Tuesday, May 19, 2015

Mixtape Monday: The Music of Mad Men


This week's playlist is an anomaly, in that it's not one I personally constructed. For the past few years, I've been subscribed this playlist on Spotify, and soon, it will stop being updated forever. Someone recommended the playlist to me (it might have been Vulture?) some time ago, and ever since it's been a favorite. This week's mix, in honor of the finale, is a collection of songs from AMC's Mad Men. 

Mad Men, when it first aired, was notable first and foremost for its set design and commitment to portraying the 60s in New York with accuracy and panache. The music was a big part of the show's commitment to the time period. Song titles and band references were dropped deliberately to solidify the verisimilitude. As time went on, Mad Men became a richer, deeper experience for viewers; it was more than just an aesthetic fantasy. Mad Men is without doubt one of the densest, most literary, most textually challenging shows of all time.

As the show deepened, the music gained greater significance, lost some of its rigid adherence to period propriety. There have been some anachronistic song selections over the course of the series, from The Decemberists to David Bowie. Even by the second episode, we hear The Cardigans closing the episode with "The Great Divide." Mad Men has always been very deliberate with the songs that play over its end credits, easing us out of the episode and solidifying the episode's central theme. In the case of the Cardigans, that great divide was between Don and Betty, already, even then, irreconcilably separate people.

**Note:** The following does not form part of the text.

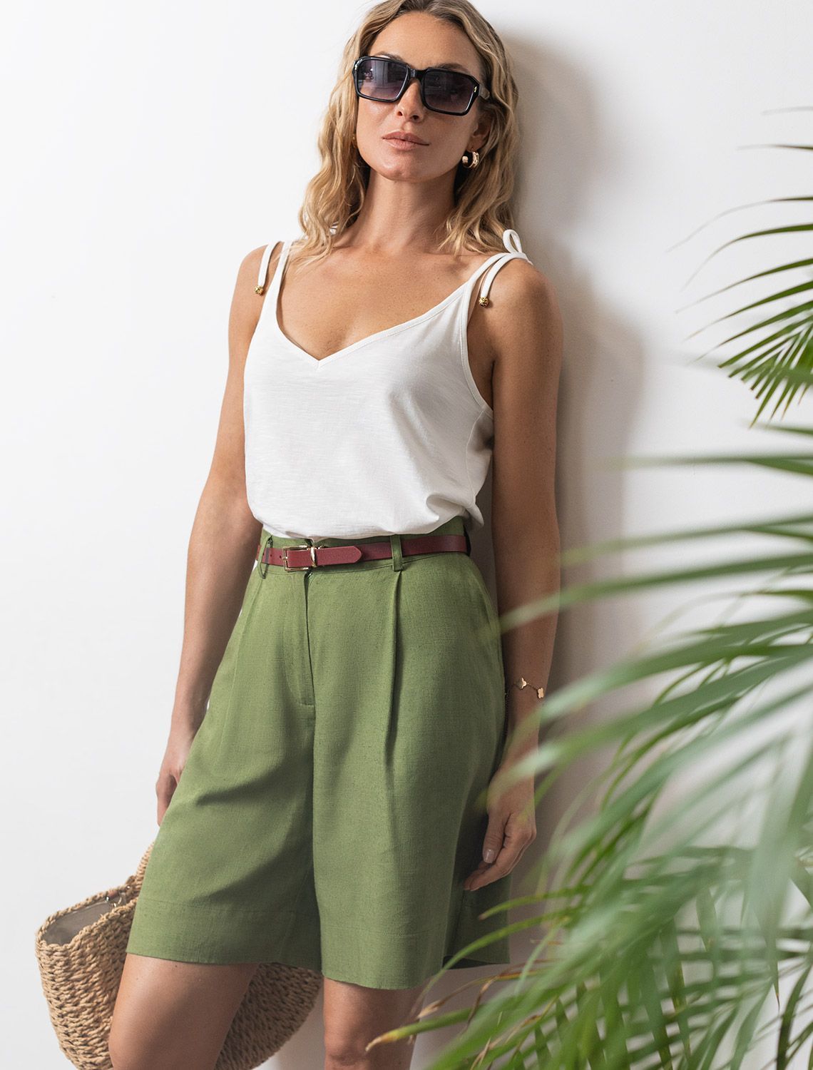 Топ с V-вырезом на регулируемых бретелях-завязках из фактурного 100% хлопка флам D43.235 молочный
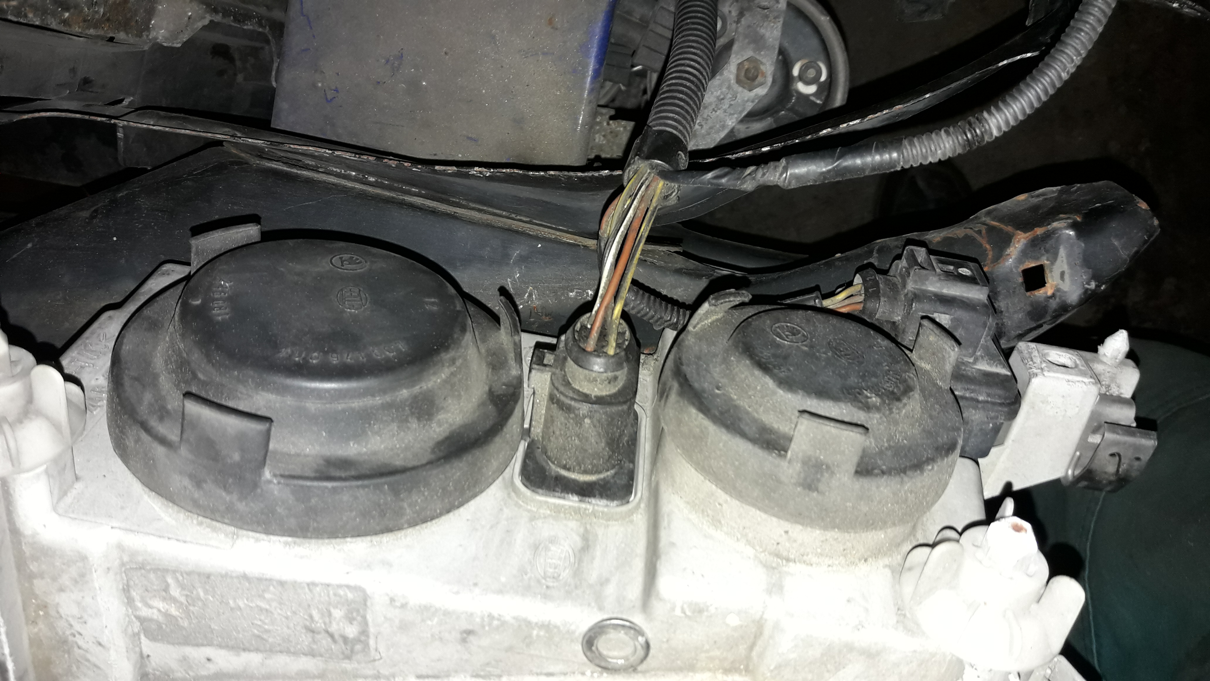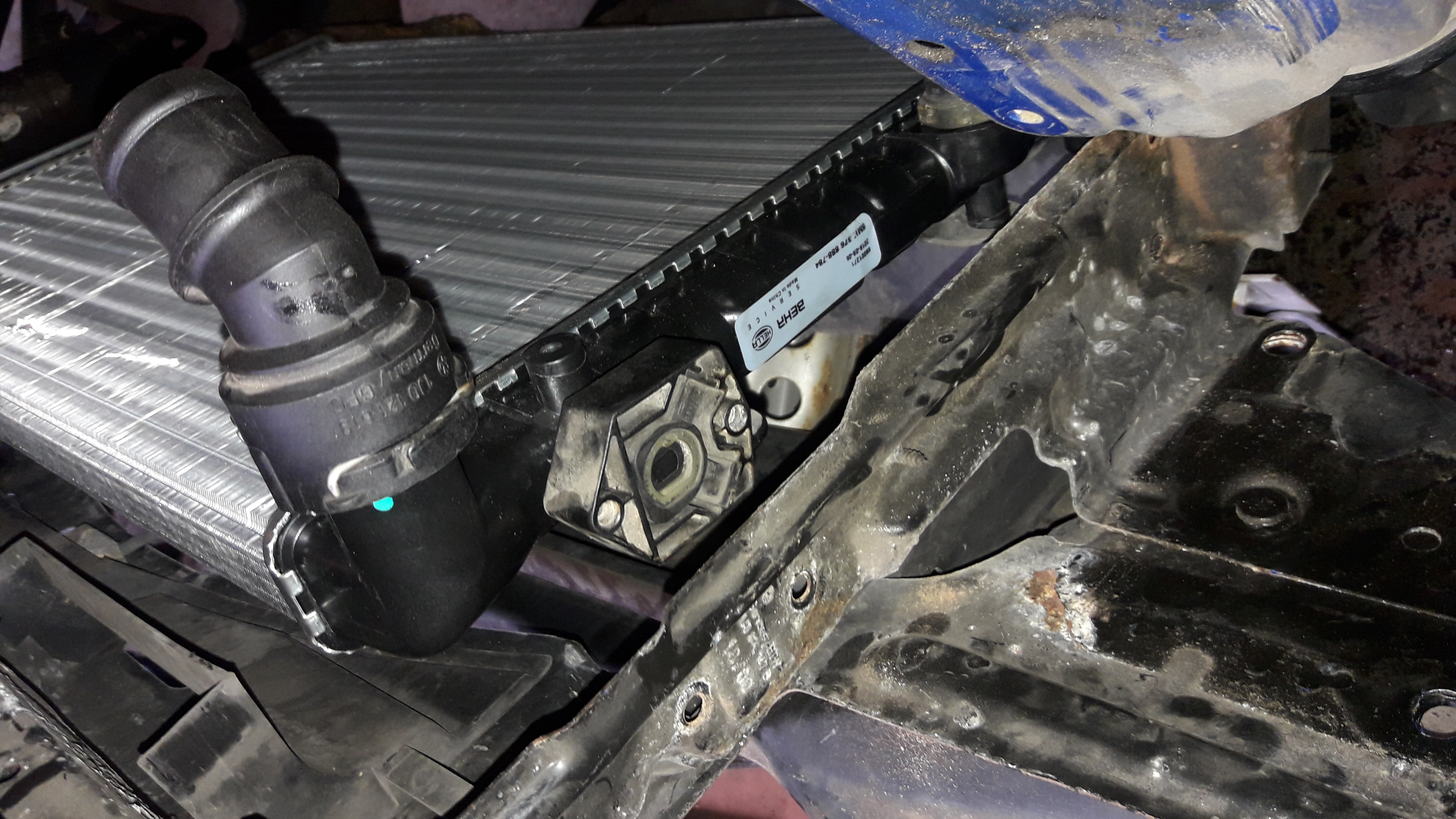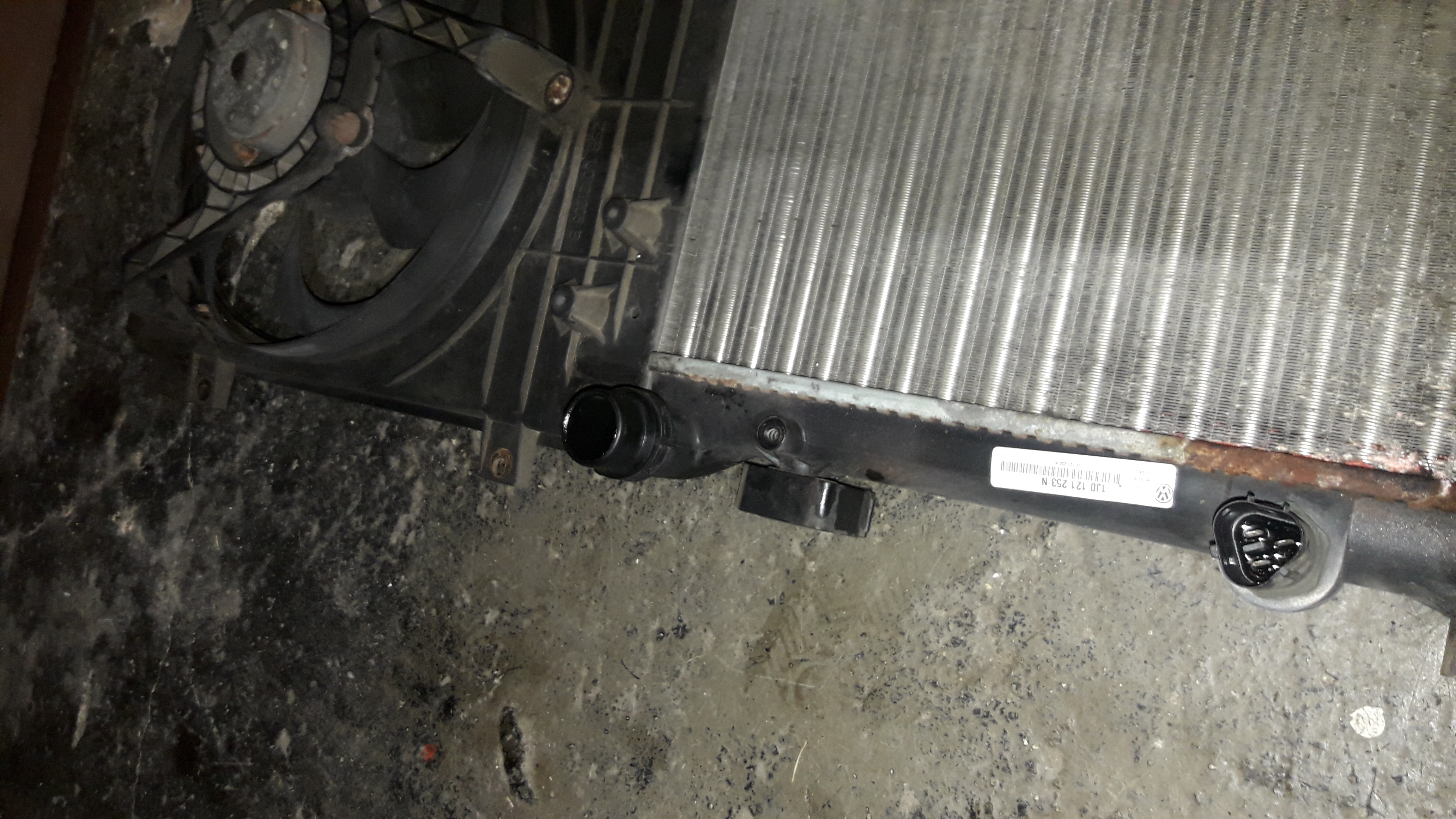 z nového chladiče demontujem tu záslepku a namontujem spínač ted si ze starého chladiče stáhnem všechny 4 gumový silenty a nandáme na novej chladič ted si novej chladič namontujem do auta:

One of the rarest, most enticing things about Mad Men has been this obsessive attention to detail. Everything is deliberate and calculated. Everything on this show had meaning and significance. There has not been a show since that has been so trusting with its audience, so sure that viewers will put in the work necessary to explicate the show's text. With the growing trend towards reboots and limited series, it may be a long time still before we have an extended series that rivals Mad Men in ambition and scope.